Fingers wagged in my face by the Troika (International Monetary Fund,
European Central Bank, European Union), by international journalists,
tourists, concerned family and friends living on the other side of the
Atlantic, leave me self-conscious, embarrassed, determined, but often
doubtful of my sanity. At times I feel like I am screaming from inside
a sealed vault. I cringe at the total incompetence of Greek
politicians I voted for (with heart and soul each time). I am angered
by the lack of vision, lack of spine needed to move forward at a time
when the entire world has finally awakened to the fact that Greece is
indeed in trouble; and with it, my heart.

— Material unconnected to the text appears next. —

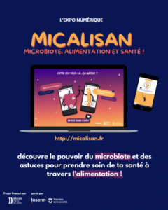 Une exposition numérique pour découvrir le rôle du microbiote 14/03/2023 Alix de Reynal L’exposition numérique « MicAliSan » a été conçue par l’INSERM et ses partenaires (Inrae, Ifremer, Oniris, Nantes Université, CRNH Ouest) : Microbiote, Alimentation et Santé ». Elle raconte l’histoire de la rencontre entre une pomme et une bactérie du microbiote intestinal. Les aliments que nous mangeons, sont transformés dans notre intestin en nutriments énergétiques, et font fonctionner notre corps. Près de mille milliards d’ouvriers microscopiques vivent dans notre intestin et participent à notre santé. Les bactéries, champignons, archées et virus forment ce qu’on appelle le « microbiote ». Ensemble, aliments et microbiote permettent à notre organisme de se développer et de fonctionner au quotidien. Mais, la perturbation de cet équilibre provoque l’augmentation de certaines maladies comme l’obésité, les maladies inflammatoires intestinales, les allergies, le cancer mais aussi des maladies neurologiques (Maladies de Parkinson ou d’Alzheimer) ou psychiatriques (troubles du spectre autistique, dépression, …). Cette exposition vous permet de découvrir le pouvoir du microbiote et donne des astuces pour prendre soin de votre santé à travers l’alimentation. https://www.micalisan.fr/

Daily reports uncover scandal after scandal compounding my battle with
this growing sense of doom in my chest. I have little work as a
freelancer; essays, poems and novels don’t pay. My friends and family
are equally at odds on how to survive, even the lucky ones who still
bring home a paycheck. A good friend works two jobs to make ends meet
when one job was once enough. Her poems drip with bitterness, with
sadness for this land. We look bewildered at each other and ask: do we
pack up, close the door behind us and never return? Do we finally come
to terms with a country that never fully accepted those of us who were
born elsewhere and chose to live here? We delicately unfolded our own
dreams when we got here decades ago, we tried to play by the rules to
make the dreams real only to uncover that the corrupt status quo is
far stronger, far more ruthless than we could ever be. And to think
that I believed if I could make it in New York, I could make it
anywhere. New York, where I was born and raised, was easy to conquer.
I left all that behind to find family roots.

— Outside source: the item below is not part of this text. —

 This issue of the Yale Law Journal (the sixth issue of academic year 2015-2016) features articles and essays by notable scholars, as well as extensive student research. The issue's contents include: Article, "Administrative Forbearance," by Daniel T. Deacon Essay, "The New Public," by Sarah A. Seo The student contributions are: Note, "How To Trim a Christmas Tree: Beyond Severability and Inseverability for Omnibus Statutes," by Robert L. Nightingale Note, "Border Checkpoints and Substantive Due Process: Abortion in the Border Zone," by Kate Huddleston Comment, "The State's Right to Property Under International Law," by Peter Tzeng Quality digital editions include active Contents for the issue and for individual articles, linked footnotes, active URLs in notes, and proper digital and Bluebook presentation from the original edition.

A long time PASOK (Socialist Party) politician and former Minister of
Defense paraded around Athens for years while accusations regarding
millions upon millions of Euros he took in bribes went unnoticed by
the justice department and by his fellow PASOK comrades. Those Euros
were not his to keep. He spent millions of Euros on our behalf for
submarines that are faulty, for major defense purchases that had
nothing to do with protecting this small country. Those irresponsible
choices required that money be taken out of my pocket, my friends’
pockets, any Greek salaried employee’s pocket who paid taxes. Yet,
there is no justice served. This former Minister now sits in jail
awaiting trial, if they get to his case before time runs out to
prosecute him, allowing him to walk free. Each day we read yet another
scandal uncovered, exposed by this politician’s own meticulous record
keeping in his many notebooks so as not to lose one Euro of the
millions he kept stashed in off shore companies all over the world.
Greece continued to bleed but his Party asked for our enlightened
votes over and over. And we gave it to this Party, snubbing the
conservatives who were much longer in the game of grabbing, hiding,
taking. How much was enough for that politician, his family, his
children? How many politicians from PASOK and New Democracy sit in
their mansions laughing while Greece teeters on the edge. So many
scandals layered one on top of the other perpetrated by Socialists,
Conservatives, in the name of Greece, in the name of me.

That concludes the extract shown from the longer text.